Investigation of Ce0.9Gd0.1O2-δ dispersed Sm1.5Sr0.5NiO4+δ: Cathode for intermediate temperature solid oxide fuel cell applications

Abstract

Dispersion of nanocrystalline (94–350 nm) Ce0.9Gd0.1O2-δ in superfine (260–312 nm) Sm1.5Sr0.5NiO4+δ using modified precipitation technique is established using X-ray powder diffraction, scanning electron microscopy and transmission electron microscopy. Presence of Ce0.9Gd0.1O2-δ grains inhibits grain growth of Sm1.5Sr0.5NiO4+δ, which provides morphological stability (up to 1100 °C). Ce0.9Gd0.1O2-δ concentration dependent behaviours of ionic conductivity, surface exchange rate and electrode polarization resistance (Rp) of composites (determined using electrochemical impedance spectroscopy) are comprehended using percolation model.

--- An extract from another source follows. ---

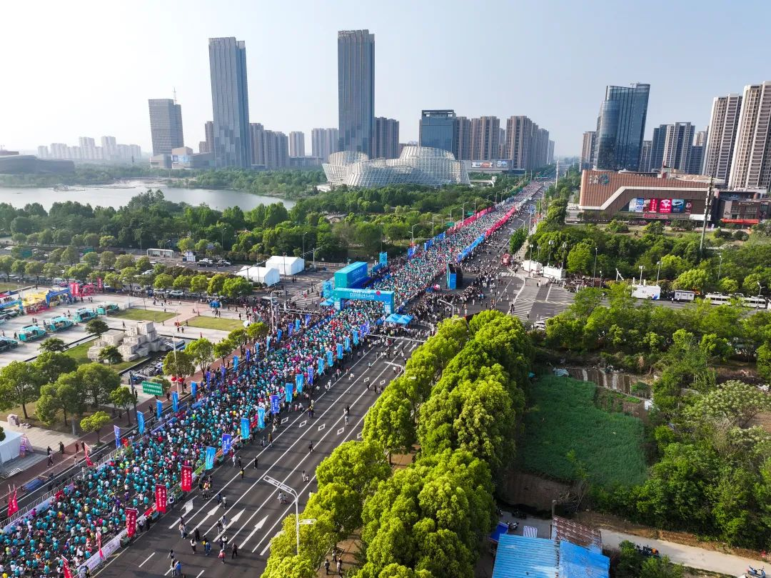 一场马拉松,是一座城市全民健身热潮的最好展示。在城市道路上,人们迈开脚步,舒展笑颜,自信奔跑。跑步绘就城市的风景,融入人们的生活。奔跑阜阳,每一位选手都展现着速度、温度和热度。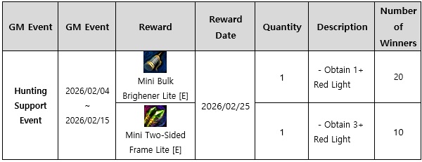 5. Hunting Support Event! [Duration and Details, In-game time UTC-8] - Players who obtained Red Light by opening Red Stone Energy will chance to win a reward above - The rewards will be provided to the winning character's inventory during the maintenance (reward date) - Only one character per account will be selected to receive the event rewards

Three oxygen reduction reaction mechanisms are considered to understand electrochemical performance. Minimum Rp (0.81 Ω cm2 at 700 °C) for 70Sm1.5Sr0.5NiO4+δ:30Ce0.9Gd0.1O2-δ is correlated to percolation threshold (optimum (i) electrochemically active sites (ii) oxygen reduction reaction kinetics, (iii) O2- conductivity and (iv) charge transfer rate). Nano crystallite size of Ce0.9Gd0.1O2-δ is crucial for enhancement in electrochemical performance. Oxygen partial pressure dependent electrochemical impedance spectroscopy studies reveal dominance of coexisting non-charge transfer oxygen adsorption/desorption and bulk O2- diffusion.